Малин ерзает на стуле.
– Ягненок горевала, – продолжает Ханне, склонив голову набок. – Ягненок горевала, но лев принес ей нового голубя. Слушайте:
Я выплакал море слез
И лег умирать
На мягкую траву горя.
Но снова появился лев,
И в своей пасти
Он нес невинного голубя…

– Прости, – перебивает Малин, – не хочу показаться невежливой, но я не понимаю, к чему вы клоните.
– Погоди, – встреваю я и нагибаюсь вперед, почти касаясь свечи. – Почему ты сказала, что лев принес нового голубя ей. Откуда ты знаешь, что ягненок – это она?
Ханне широко улыбается. Тянется за блокнотом и открывает чистую страницу. Потом кладет так, чтобы нам было видно то, что она пишет.
– Ракель – это Рахиль из Ветхого Завета, если помните?
– Я не сильна в Библии, – ворчит Малин, пытаясь подавить зевок.
– Рахиль означает ягненка или овцу на иврите, – говорит Ханне и пишет на листе:
Ягненок = Ракель.
Малин пялится на нее с открытым ртом.
Ханне продолжает:
– А что Юнас значит на иврите?
Малин качает головой. На лице у нее написаны восхищение и страх.
– Юнас происходит от Ионы, что означает «голубка». Это тоже библейское имя.
Голубка = Юнас.
– Боже мой, – шепчу я. – Ты же не говоришь, что…
– Так автор описывает отношения Ракель с сыном, несчастный случай и его… смерть?

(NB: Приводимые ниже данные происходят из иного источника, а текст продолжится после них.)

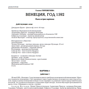 Венеция, год 1592. Пьеса в трёх картинах

Шепот Малин едва различим.
– Голубя убил лев. Кто тогда лев? – спрашиваю я.
Ханне серьезно смотрит на меня. Улыбка пропала, глаза потемнели. Она пишет на бумаге:
Улле =
– Что будет, если немного поиграть буквами? Не дожидаясь ответа, она начинает писать:
Улле = Леу. – А Леу это…
– Лев, – завершаю я.
Ханне кивает и завершает цепочку
Улле = Леу = Лев.
Потом потягивается и осторожно откладывает ручку.

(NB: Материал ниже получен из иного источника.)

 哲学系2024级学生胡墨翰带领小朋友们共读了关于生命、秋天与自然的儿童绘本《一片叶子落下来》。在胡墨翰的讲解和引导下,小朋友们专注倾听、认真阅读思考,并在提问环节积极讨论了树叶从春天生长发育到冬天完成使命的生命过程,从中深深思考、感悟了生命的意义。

Малин поднимается и начинает ходить туда-сюда по комнате. Кулак правой руки ударяет о левую ладонь.
– Черт, – шипит она. – Черт. Почему мы раньше не догадались?
Мы с Ханне молчим.
– Прочитай последние строки, – прошу я Ханне.
Она тянется за листком и читает вслух:
Я выплакал море слез
И лег умирать
На мягкую траву горя.
Но снова появился лев,
И в своей пасти
Он нес невинного голубя…

– И как нам это понимать? – спрашиваю я.